A contract for success
Outsourcing agreements that take a pure procurement approach and focus solely on lowering service costs almost always fail. Overemphasizing cost — and negotiating away the service provider's profit margin in the process — ultimately hurts the bottom line. It gives the service provider a disincentive to invest in the deal. Instead, they will be financially constrained to operate at the minimum service level until the company becomes dissatisfied and negotiates a change.
By maintaining a positive attitude during price negotiations, companies build a vendor's willingness to invest in their service offerings. This ultimately adds value, particularly when the outsourcer can improve application availability, user community support and risk management. Being specific about the added value each party anticipates helps to launch a positive and clear relationship. Understanding not only the cost of transitioning operations, but also transformation of services, must be achieved during the evaluation phase.
Preparatory financial analysis — the base case
Base case. A base case is a comprehensive internal financial picture of the IT function used to compare the pricing proposed by the potential vendors. Putting adequate focus on the completeness and accuracy of the base case is critical to a successful outsourcing evaluation.
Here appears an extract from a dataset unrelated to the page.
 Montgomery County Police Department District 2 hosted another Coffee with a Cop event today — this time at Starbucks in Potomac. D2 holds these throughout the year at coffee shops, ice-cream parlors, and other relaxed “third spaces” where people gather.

Clearly identified retained costs. Even after outsourcing, a company will be responsible for certain internal functions. The agreement needs to clearly delineate tasks and responsibilities, establish governance parameters and develop the budget for retained costs.
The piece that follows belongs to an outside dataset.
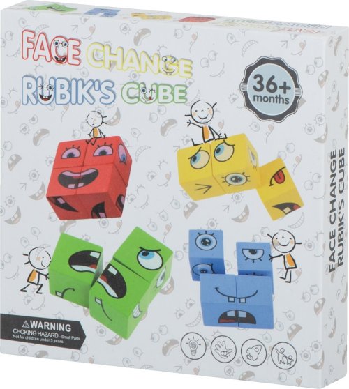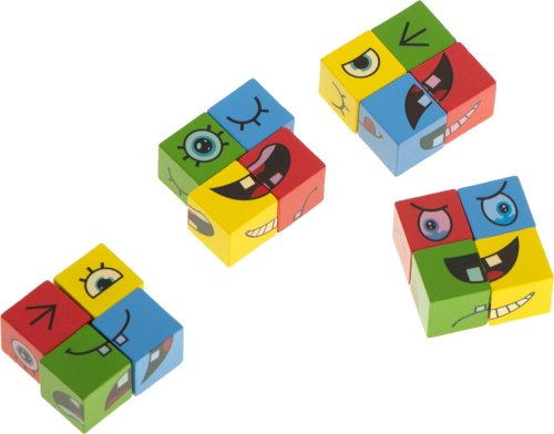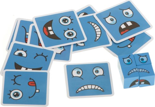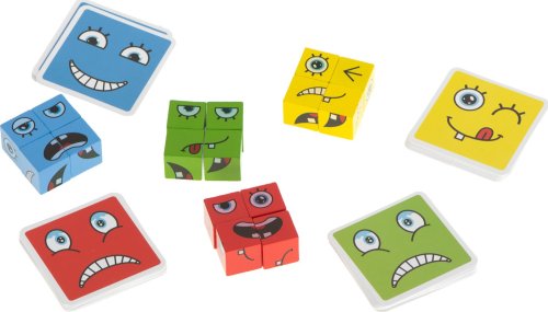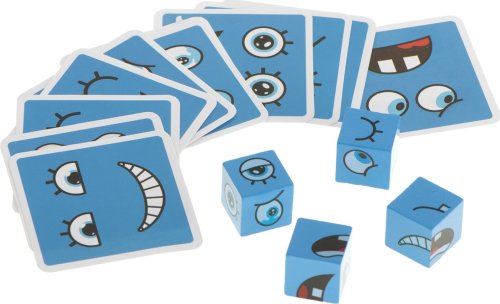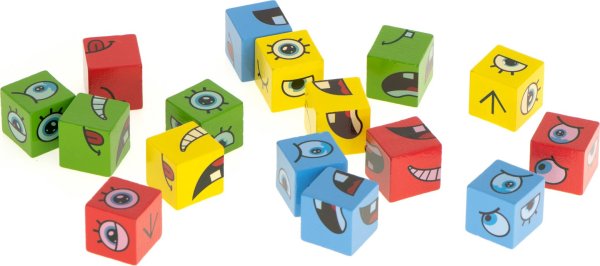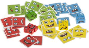 Pravidla hry: náhodně vyberte jednu z karet a vytvořte vyobrazený obličej co nejrychleji pomocí kostek. Barva kostek musí odpovídat barvě karty. Zdá se vám úkol snadný? Pozor, nenechte se zmást zdáním. Vyhrává ten, kdo sestaví 10 obličejů co nejrychleji. Sada obsahuje: 16 kostek ve čtyřech barvách, 64 karet s různými obličeji.

Industry-standard unit costs. Convert a company's budgetary view of cost into industry-standard unit costs, such as 'cost per help desk call', 'cost per minute of processing power' or 'cost per hour of application development time'. When a vendor's pricing comes back in the same units, this facilitates a direct comparison and accurate gauge of relative performance levels and value.
Open dialogue with vendors. Participating in open dialogue about the base case while in a competitive mode prior to signing a contract gives the vendor a complete picture of a company's environment, and helps it price services accordingly. The highest level of a successful relationship is when the cost of the relationship (the price paid) balances with the value to be derived.
Managing ongoing cost drivers
Well-measured, well-documented cost drivers. The company and vendor must understand the causes of cost fluctuations to manage them effectively. This is particularly important in a healthcare organization, where rates are regulated and cost drivers directly impact the rate structure.
Identified unit price escalators (e.g., COLA). Companies and vendors can build predictability into a contract by identifying what components of the price will escalate based on changes in the business and what the formulas are for determining the new prices.
Managing the relationship
Successful partnerships put significant effort in establishing an agreed-upon management and governance structure when the new operating model is implemented. This helps both the client and vendor to uphold their sections of the agreement and constantly work to meet contractual expectations.
Establishing clear and accurate service levels in an agreement documents expectations, protects against unanticipated pricing fluctuations and helps companies measure a vendor's success. Education and communication with business units is critical throughout the outsourcing process to ensure a clear understanding of the service levels to expect, new procedures to follow and the impact of employee behaviors on vendor costs.
Author Information:Sally Goostrey and Denis Desjardins are principals at The W Group (Malvern, Pa.), a technology-management consulting firm.